• **Problem**
Without including the pictures, copy out every line below.

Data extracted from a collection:
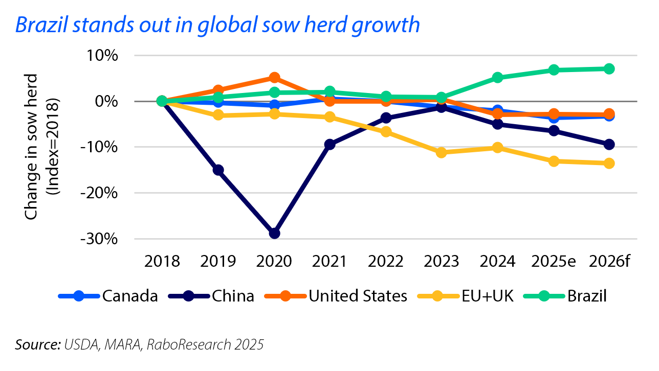 The global sow herd is projected to decline in 2026, as producers face heightened uncertainty. While tighter competing meat supplies and lower feed costs will support a favourable margin environment for most producers, the industry remains cautious on herd expansion.
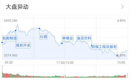 9月3日,两市总体冲高回落,开盘后指数延续震荡态势,临近午盘,大盘出现一波跳水,三大指数集体翻绿。午后,两市总体震荡下行,三大指数集体收跌,沪指跌破3400点,创业板指跌近1%。盘面上来看,白酒板块延续近期强势,周期板块煤炭、钢铁盘中也有所表现,农业、环保、物流等板块走弱。
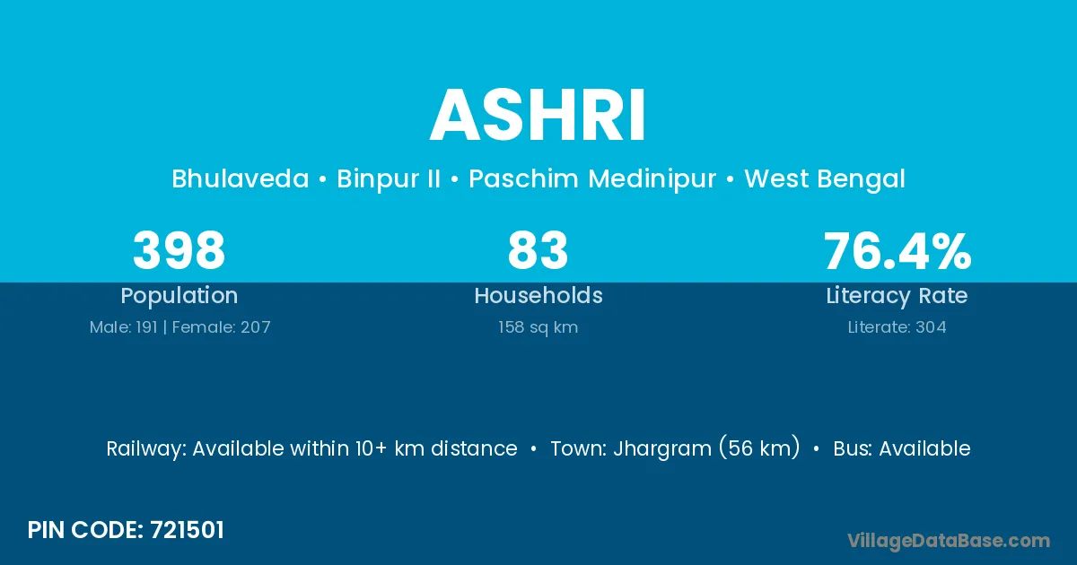 Jhargram (56 km) is the nearest town to Ashri village for major economic activities and is located approximately 56 km away.
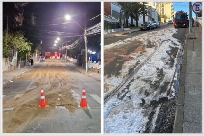 A Rua Felipe Schmidt, no Centro de Tubarão, foi interditada na noite desta terça-feira (29) após um caminhão derramar grande quantidade de óleo no trecho localizado em frente à sede da prefeitura municipal.
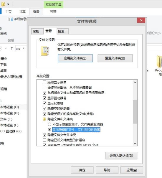 打开c盘,点击左上角的“查看”-“选项”(文件夹选项)-勾选“显示隐藏的文件”,然后确定即可。这样你就能看到AppData文件夹了。(如下图)

• **Answer to this problem**
 The global sow herd is projected to decline in 2026, as producers face heightened uncertainty. While tighter competing meat supplies and lower feed costs will support a favourable margin environment for most producers, the industry remains cautious on herd expansion.
 9月3日,两市总体冲高回落,开盘后指数延续震荡态势,临近午盘,大盘出现一波跳水,三大指数集体翻绿。午后,两市总体震荡下行,三大指数集体收跌,沪指跌破3400点,创业板指跌近1%。盘面上来看,白酒板块延续近期强势,周期板块煤炭、钢铁盘中也有所表现,农业、环保、物流等板块走弱。
 Jhargram (56 km) is the nearest town to Ashri village for major economic activities and is located approximately 56 km away.
 A Rua Felipe Schmidt, no Centro de Tubarão, foi interditada na noite desta terça-feira (29) após um caminhão derramar grande quantidade de óleo no trecho localizado em frente à sede da prefeitura municipal.
 打开c盘,点击左上角的“查看”-“选项”(文件夹选项)-勾选“显示隐藏的文件”,然后确定即可。这样你就能看到AppData文件夹了。(如下图)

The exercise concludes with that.